PVFS2 configuration:
- A 64-node Linux cluster, each node has 8 cores
- Kernel version 2.6.22.15-8smp
- Pvfs-2.7.0 installed
- All 64 nodes used as both metadata servers and IO servers
- PVFS kernel module install on all 64 nodes
- Regular open/read/close calls from within applications
- Default file striping on all servers
Application characteristics:
- Parallel Python programs, using 4 cores out of the 8 core on each node
- A large number of parallel read threads
- Mostly independent read traces; occasionally shared accesses to the
same file but no more than two threads
- Large, equally-sized files (> 64 MB)
- Each thread opens a file, reads in the content of the entire file
(most of the time), extracts data of interest, closes the file and
moves to the next file
- The sequence of files to be accessed by each thread pre-determined
(i.e., no runtime arbitration)
An error example:
Cannot open file:
/scratch/mnt/pvfs2/dataset/merged_frameset_64MB/conduction/trj.dtr_20071
207222232/frame000000025 [Errno 13]. Permission denied.
Extra information:
A number of [Errno 11] "Resource temporarily unavailable" showed up
earlier. I changed the default PVFS configuration as follows and no
longer saw errno 11.
<Defaults>
UnexpectedRequests 2048
ServerJobBMITimeoutSecs 30
ServerJobFlowTimeoutSecs 30
ClientJobBMITimeoutSecs 5
ClientJobFlowTimeoutSecs 5
ClientRetryLimit 8
ClientRetryDelayMilliSecs 0
TroveMaxConcurrentIO 64
</Defaults>
Tiankai
-----Original Message-----
From: Sam Lang [mailto:[EMAIL PROTECTED]
Sent: Tuesday, March 18, 2008 11:23 AM
To: Tu, Tiankai
Cc: [email protected]
Subject: Re: [Pvfs2-users] Heavy read workload and "Permission denied"
errors
Hi Tiankai,
I've been debugging something similar I think, but I'm not able to
reproduce the EACCES (Permission denied) error with only a few nodes.
It would be helpful to eliminate a few things to isolate the problem,
and see we're both looking at the same bug.
Can you disable the name and attribute cache in the client daemon? To
do that, you should be able to start the pvfs2-client with -n 0 -a 0.
With those options, does the problem persist?
Are your nodes x86_64?
What happens if you just use one node as a metadata server instead of
all 6?
Thanks,
-sam
On Mar 17, 2008, at 11:20 AM, Tu, Tiankai wrote:
> I have been testing whether PVFS2 can be used to support large-scale
> read-intensive parallel workload, in particular, post-simulation data
> analysis.

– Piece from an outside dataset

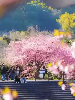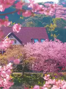 The cherry blossom season in Kawazu, Izu, is from February to March. The Kawazu Town Cherry Blossom Festival runs from February 1st to 29th. Besides cherry blossoms, hot springs are also Izu's signature attraction. Approximately 800 Kawazu cherry trees are planted along the approximately 4km stretch of the Kawazu River. Add to that the blooming rapeseed blossoms along both banks, and the interweaving of pink and yellow creates a vibrant scene that soothes even the most gloomy mood. During the day, the shoreline is dotted with street vendors, and the cherry-colored taiyaki and ice cream are a real plus. At night, the cherry blossoms, illuminated by the night lights, create stunning photos.
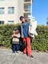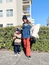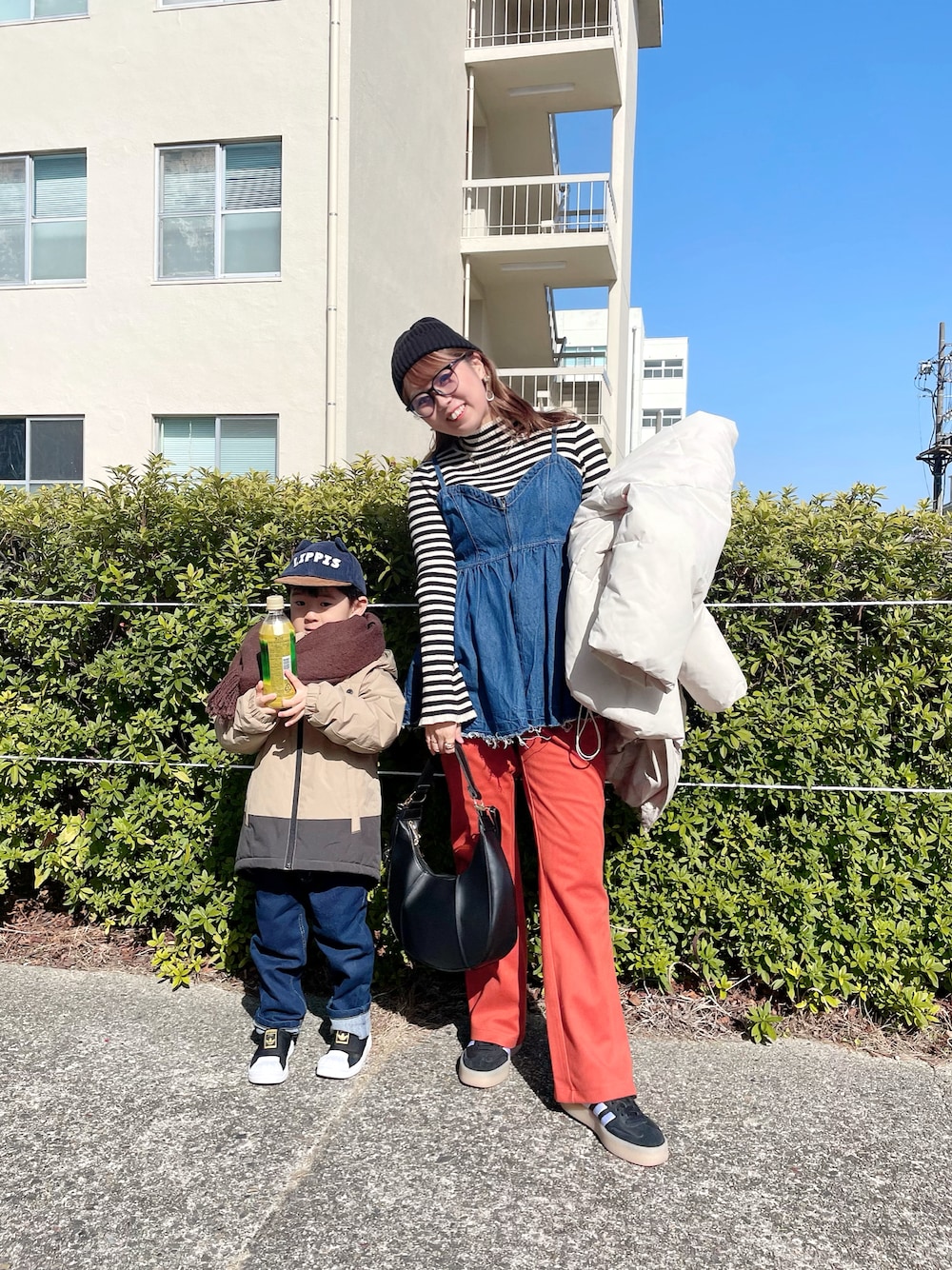 時系列バラバラ😂 まだ髪長いのも← ボーダーニットにめぐみさんのデニムビスチェをレイヤード🙆このビスチェほんとお気に入り🫶 パンツは目立つオレンジで🍊 これ @_vacancy_official のなんだけど、ラインめちゃ綺麗であったかいんだ🔥 久々に履いてみた☺️ 最近カラーコーデまたまた再熱してきた😍🌈✌️

Although the preliminary results (on a small cluster) are
> encouraging when everything worked, there have been a few occasions
> where mysterious "Permission Denied" errors occurred and the
> applications halted.
>
> Below are the system hardware/software setup:
>
> - 6 compute nodes each with 8 cores, 16 GB memory, 170 GB free disk
> space managed by xfs.
> - Nodes are interconnected by a 1 GigE cable to a 10 GigE switch
> - Linux kernel: 2.6.22.15-7smp
>
> PVFS setup
>
> - pvfs-2.7.0 installed
> - All the 6 nodes also used as both metadata servers and IO servers
> - The same 6 nodes used to run application codes (as pvfs clients)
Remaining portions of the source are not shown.